[Start of section]

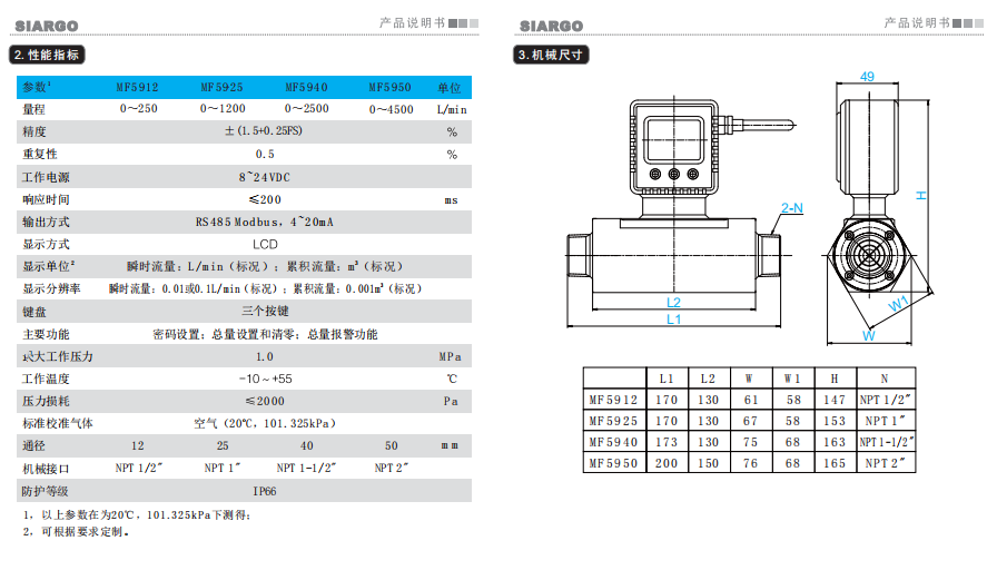 美國Siargo 流量傳感器 MF5900系列 參數(shù):
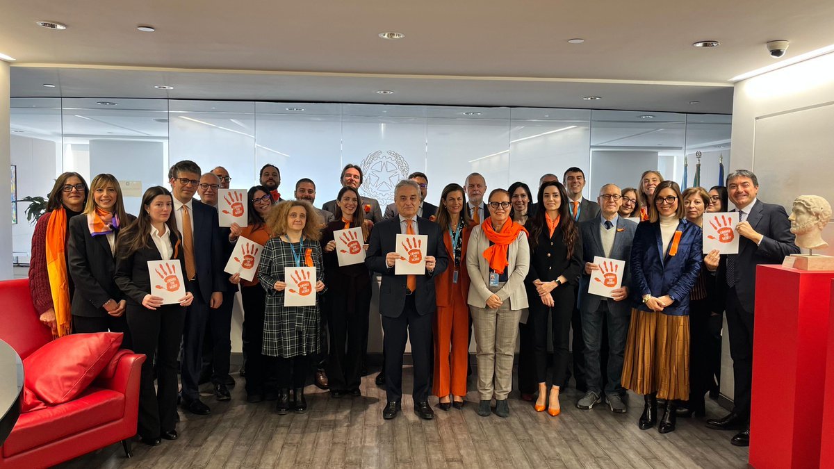 In un gesto simbolico, i membri della delegazione italiana all’Onu guidata dall’Ambasciatore Maurizio Massari hanno indossato accessori color arancione per ribadire “il suo incrollabile impegno a promuovere i diritti delle donne, a combattere ogni forma di discriminazione e di violenza di genere, pilastro della sua politica estera, come previsto anche dal V Piano Nazionale per l’attuazione dell’Agenda ONU su Donne, Pace e Sicurezza”. Un messaggio ribadito a Ginevra dal Rappresentante Permanente Vincenzo Grassi in un intrvento ad un evneto organizzato da UN Women.
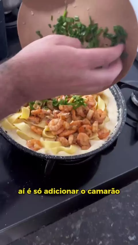 Macarrão fettuccine com camarão ao molho branco. #carioca #ProvaDoLiderKwai #Receita #EstrelaDeFamília

[End of section]

Prompt.
Print the material exactly as given, but not the pictures.

Your response.
 美國Siargo 流量傳感器 MF5900系列 參數(shù):
 In un gesto simbolico, i membri della delegazione italiana all’Onu guidata dall’Ambasciatore Maurizio Massari hanno indossato accessori color arancione per ribadire “il suo incrollabile impegno a promuovere i diritti delle donne, a combattere ogni forma di discriminazione e di violenza di genere, pilastro della sua politica estera, come previsto anche dal V Piano Nazionale per l’attuazione dell’Agenda ONU su Donne, Pace e Sicurezza”. Un messaggio ribadito a Ginevra dal Rappresentante Permanente Vincenzo Grassi in un intrvento ad un evneto organizzato da UN Women.
 Macarrão fettuccine com camarão ao molho branco. #carioca #ProvaDoLiderKwai #Receita #EstrelaDeFamília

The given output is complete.